L. Vicious: You mentioned hitting rock bottom, I’ve noticed a few references to dope and have lost a couple of my best friend’s in the past couple years to the junk, are you speaking from personal experience or are you just on some storytelling tip?…either way it’s appreciated over here.
Slug: Both. I’ve never experimented with coke or heroin, speed, meth, none of that bullshit but being a blue-collar entertainer and being involved in the blue-collar entertainment scene, I’m surrounded by it. Being from Minneapolis, which is a city that is really big on escapism, I’m always surrounded by it. Myself, I only really fucked around with weed and alcohol…
L. Vicious: You don’t really need much more…
Slug: Exactly, you don’t need much more but to top it off I discovered Vicodin and it was over, forget about it.
L. Vicious: Well that’s how it starts, anybody I’ve known that starts down that path. They start with the PK’s and then its all downhill.
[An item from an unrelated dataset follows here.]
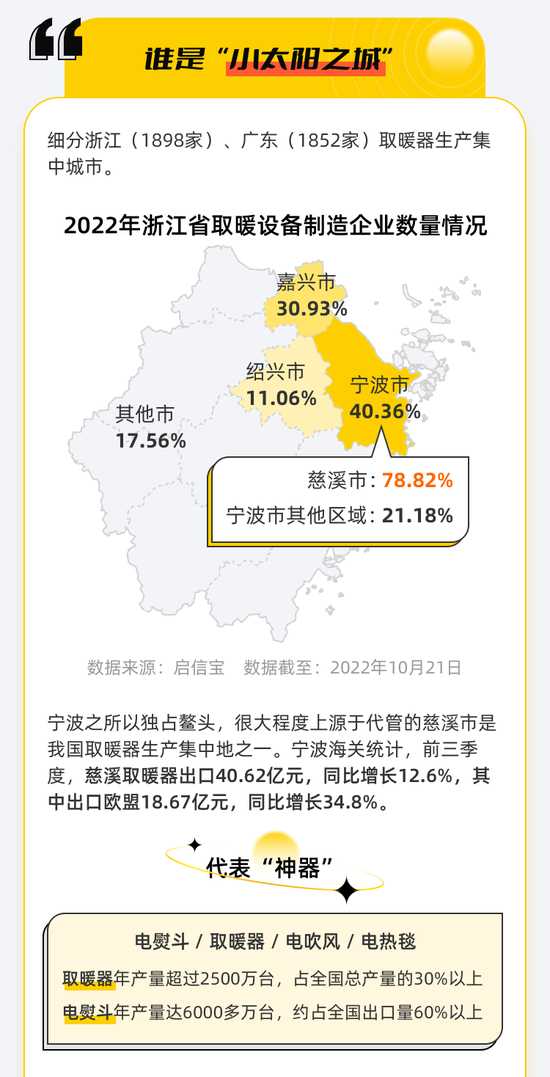 其中,浙江慈溪、广东顺德是取暖器最聚集区域,有“中国取暖器之乡”的慈溪出口量更独占全国三分之一,堪称“小太阳之城”。今年前三季度,慈溪取暖器出口40.62亿元,同比增长12.6%。

Slug: That was enough to make me sick and thankfully not enough where I was able to pull out of it and I think that had to happen or I’d still be a fucking idiot. I’d be a horrible Dad and a horrible boyfriend who would eventually make a horrible husband.
L. Vicious: Well that about does it, thanks for your time and we’ll get up soon.
Slug: Alright Brotha, thank you and have a good day.